Yeah - I realize I use the terminology a little differently from the
WDK. I actually use both terms.

To me a Map Register are the logical resources that I allocate up front
when I configure DMA. These could represent any physical entity - a
single page bounce buffer, a free slot in a DMA MMU (which is where Map
Registers originally came from), or something else entirely.

The bounce buffers are the physical pages that are allocated to
double-buffer portions of a transfer. Each Map Register corresponds to
one (or more potentially) bounce buffers.

Currently the only use for Map Registers is to abstract out the bounce
buffers. In the future they could control hardware DMA permission maps,
hardware DMA MMU’s (again) or some combination of all three.

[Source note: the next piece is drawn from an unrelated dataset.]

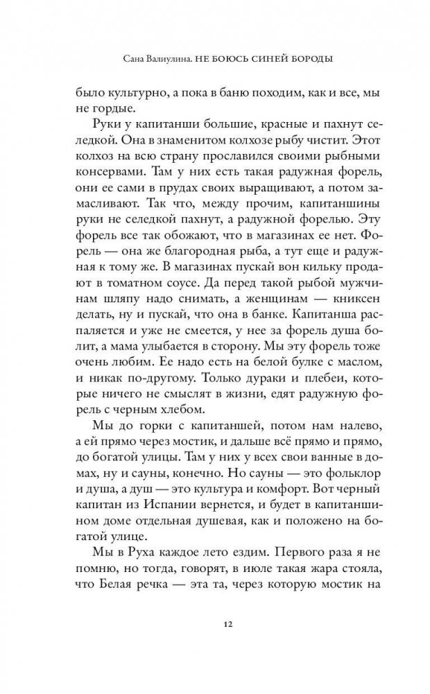 Сана Валиулина родилась в Таллинне (1964), закончила МГУ, с 1989 года живет в Амстердаме. Автор книг на голландском – автобиографического романа «Крест» (2000), сборника повестей «Ниоткуда с любовью», романа «Дидар и Фарук» (2006), номинированного на литературную премию «Libris» и переведенного на немецкий, и романа «Сто лет уюта» (2009). Новый роман «Не боюсь Синей Бороды» (2015) был написан одновременно по-голландски и по-русски. Вышедший в 2016-м сборник эссе «Зимние ливни» был удостоен престижной литературной премии «Jan Hanlo Essayprijs». Роман «Не боюсь Синей Бороды» – о поколении «детей Брежнева», чье детство и взросление пришлось на эпоху застоя, – сшит из четырех пространств, четырех времен. От ностальгически-акварельного поселка Руха на эстонском побережье в семидесятых годах, где «тишина, только сосны гудят над валунами, как антенны: море транслируют», с загадочным домом, в котором происходят таинственные происшествия, – через Таллинн рубежа семидесятых-восьмидесятых и скрытую жестокость советской школы и Таллинн начала девяностых, на заре «дикого капитализма», с жестокостью явной и неприкрытой, – к нашему времени, не-существующей стране и эпохе-без-перемен.

When I think about it in abstract I think about Map Registers. When I
want to really think about how my data is flowing around, I think of
bounce buffers.

-p

-----Original Message-----
From: xxxxx@lists.osr.com
[mailto:xxxxx@lists.osr.com] On Behalf Of Michael Becker
Sent: Tuesday, February 28, 2006 1:05 PM
To: Windows System Software Devs Interest List
Subject: Re:[ntdev] What is DMA?

Regarding bounce buffer use, I actually looked into this a few months
ago for a PCI card we are working on. I never found a way to determine
if Windows was going to use bounce buffers in the software. But, I
think you can figure this out a priori, if you know your hardware.

In my case, I found that if the PCI card could access all of memory
space, and it supported HW Scatter/Gather, then there would never be a
need for “bounce buffers”, and Windows wouldn’t use them.

However, our PCI card doesn’t have Scatter/Gather support, so we get a
bounce buffer from Windows (16k last I checked). Practically, this was
transparent to our driver (because we followed the DMA model), and
despite using bounce buffers it’s still blazing fast (when the driver
isn’t doing DbgPrint()s in the ISR. :slight_smile:

There is a really good paper at:
http://www.microsoft.com/whdc/driver/kernel/default.mspx
describing DMA in wonderful / painful detail, which I’ve been using as
one of my references. But don’t look for bounce buffers, look for “Map
Registers”.

-Mike

Peter Wieland wrote:

See the last paragraph (or so). I’m not aware of anything that tells
you whether you’ll end up using bounce buffers.

-p

-----Original Message-----
From: xxxxx@lists.osr.com
[mailto:xxxxx@lists.osr.com] On Behalf Of Calvin Guan
Sent: Monday, February 27, 2006 6:48 PM
To: Windows System Software Devs Interest List
Subject: RE: [ntdev] What is DMA?

Peter,

This is the best description on Windows DMA I’ve ever read.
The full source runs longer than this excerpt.